How to solve big problems, and whether to solve them

Wed, 28 Jan 2015 | norman

How to solve big problems

As a software developer, I believe it is important to be able to test any solution to a problem. If you do not test it, how do you know whether you have solved it? If you cannot compare solutions, either quantitatively or qualitatively, your choice of solution cannot be justified. Oh, you can try to justify it. For millennia ideas have been justified with persuasive arguments entirely devoid of actual evidence. It worked great for Plato. But when I say "justified", I mean justified by evidence. Without knowing how to determine success, it is impossible to know whether you have succeeded.

So, first, determine a test. This is not easy, but it is necessary, and in many disciplines often omitted.

Then, either invent an hypothesis, or choose an existing hypothesis.
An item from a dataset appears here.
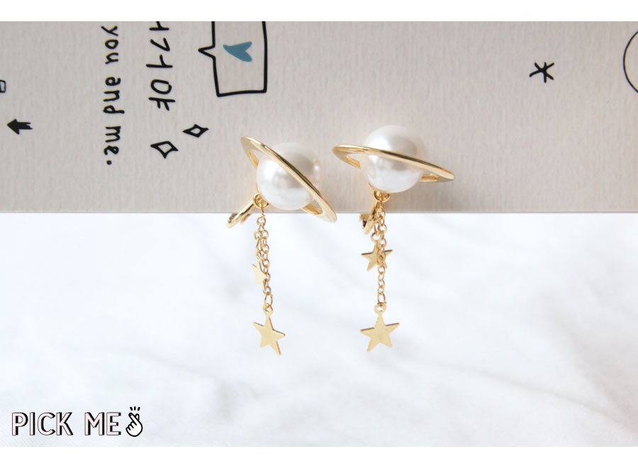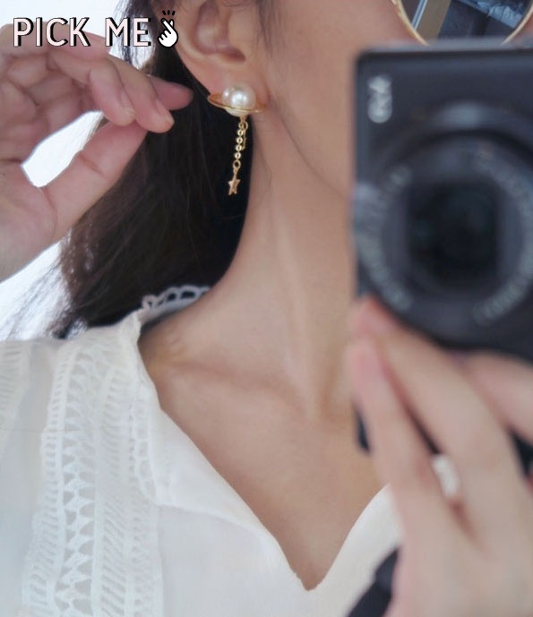 這款超吸睛的行星夾式耳環,就是要讓你可愛得嫑嫑的,珍珠小行星配上垂墜星星,簡單卻特別。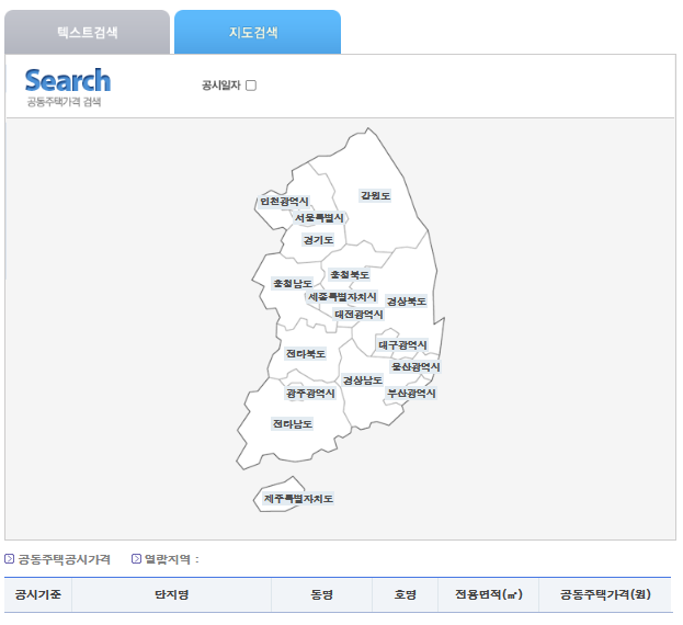 지도 검색은 아래 사진과 같이 지도에서 지역을 선택할 수 있습니다. 원하는 '도'를 선택하고, 세부 지역을 선택합니다. 지역을 모두 선정하면 '단지명' 혹은 '지번'을 입력하여 검색할 수 있습니다.

This is the fun part. This is the part that we tend to talk about to friends, and get excited about. This is the bit that we write papers on, or blog about, or legislate, or write on banners and shout from soapboxes. I don't think this step is new to anyone.

But the last step is probably the hardest: Come up with a political or economic or business model for getting the solution implemented, and execute it. Because if you don't have a mechanism for changing the status quo, it's unlikely to change.

These steps apply to economics, philosophy, politics, and any field that can have solutions that apply to people.

I would love to help you with the last step, but I am no good at it. Even some of the world's most influential people have struggled to implement the things they wanted to change. Of the three, the last step must surely be the hardest. I think the best that most of us can do is add our voice to a crowd. And if that crowd doesn't yet exist, then you have to shout really loudly.

Whether to solve big problems

For people without the financial or political means to implement solutions or bring about change, it might be better to be a good parent and to work hard at a fulfilling and socially impactful career, than to be a mediocre parent, a mediocre professional, a mediocre blogger, and a useless activist.

In other words, maybe I should shut up about ideas that I am never going to follow through on, and focus on the few areas where I might actually make any kind of difference.